■ To do ■
Here is a listing. Write it all out again exactly, but not its pictures.

■ Supplied data ■
^^^^^^^^^^^^^^^^

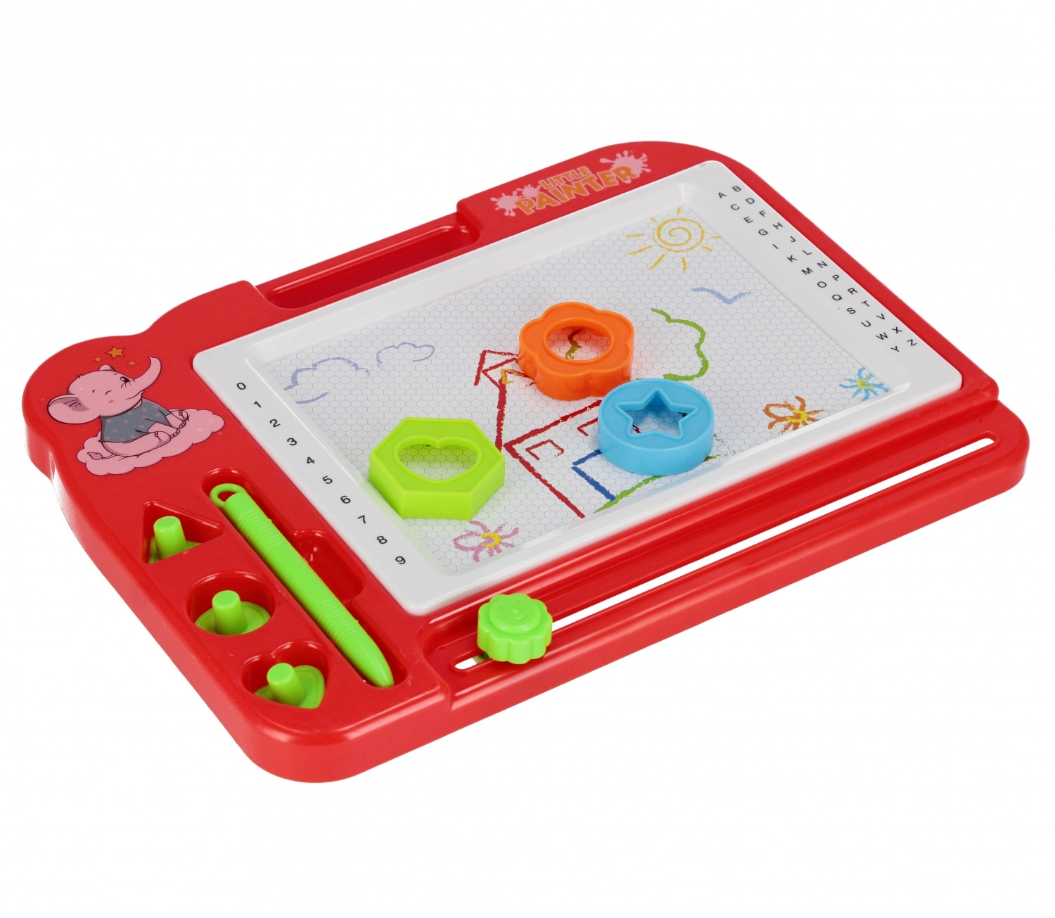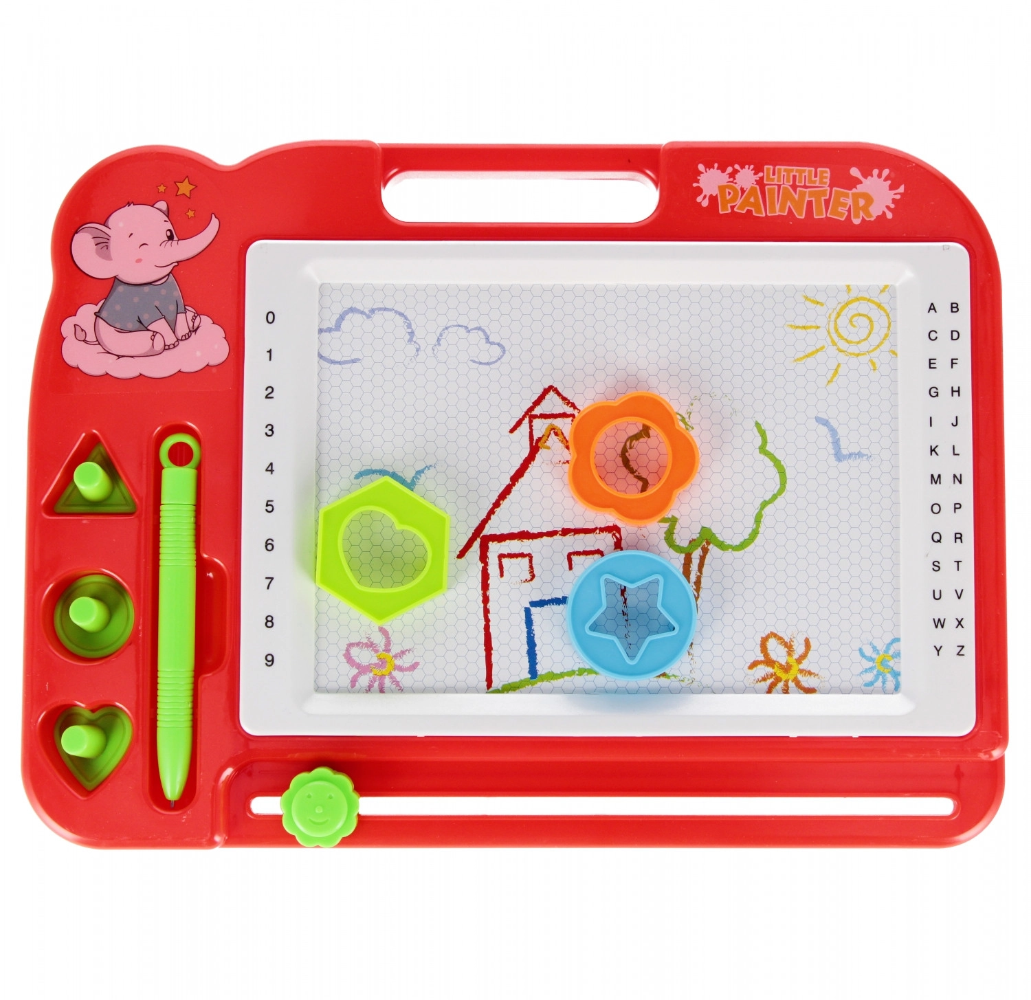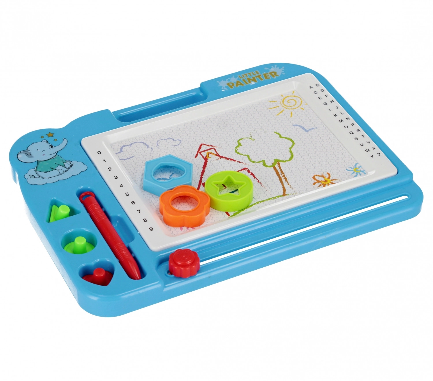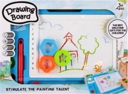 Ova magična ploča za crtanje nudi jednostavan i čist način da djeca izraze svoju maštu. Uz pomoć magnetske olovke i žigova u oblicima djeca crtaju po bijeloj površini, a jednim potezom klizača-gumice sve lako obrišu. Ploča je lagana, izdržljiva i odlično leži u ruci zahvaljujući praktičnoj ručki.
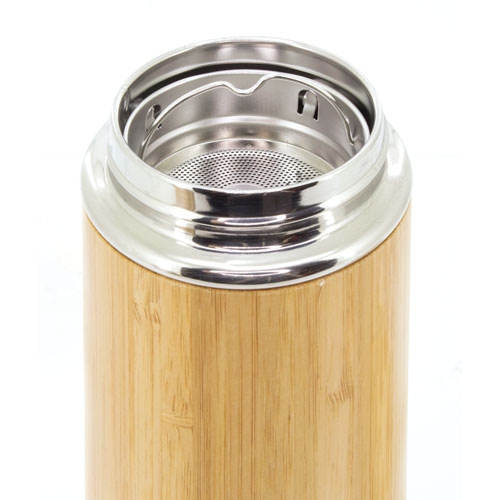 Realizado en bambú con doble cámara para mejor conservación, asa para transporte plegable e infusar.
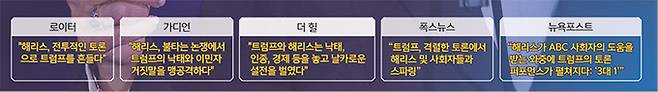 트럼프 전 대통령에 우호적인 폭스뉴스는 토론에 대해 ‘트럼프, 해리스 및 사회자들과 스파링’이라고 평가했다. 토론을 진행한 ABC방송 사회자들이 트럼프 전 대통령에게 불리하게 진행했다는 지적이다.

^^^^^^^^^^^^^^^^

■ Result of the exercise ■
 Ova magična ploča za crtanje nudi jednostavan i čist način da djeca izraze svoju maštu. Uz pomoć magnetske olovke i žigova u oblicima djeca crtaju po bijeloj površini, a jednim potezom klizača-gumice sve lako obrišu. Ploča je lagana, izdržljiva i odlično leži u ruci zahvaljujući praktičnoj ručki.
 Realizado en bambú con doble cámara para mejor conservación, asa para transporte plegable e infusar.
 트럼프 전 대통령에 우호적인 폭스뉴스는 토론에 대해 ‘트럼프, 해리스 및 사회자들과 스파링’이라고 평가했다. 토론을 진행한 ABC방송 사회자들이 트럼프 전 대통령에게 불리하게 진행했다는 지적이다.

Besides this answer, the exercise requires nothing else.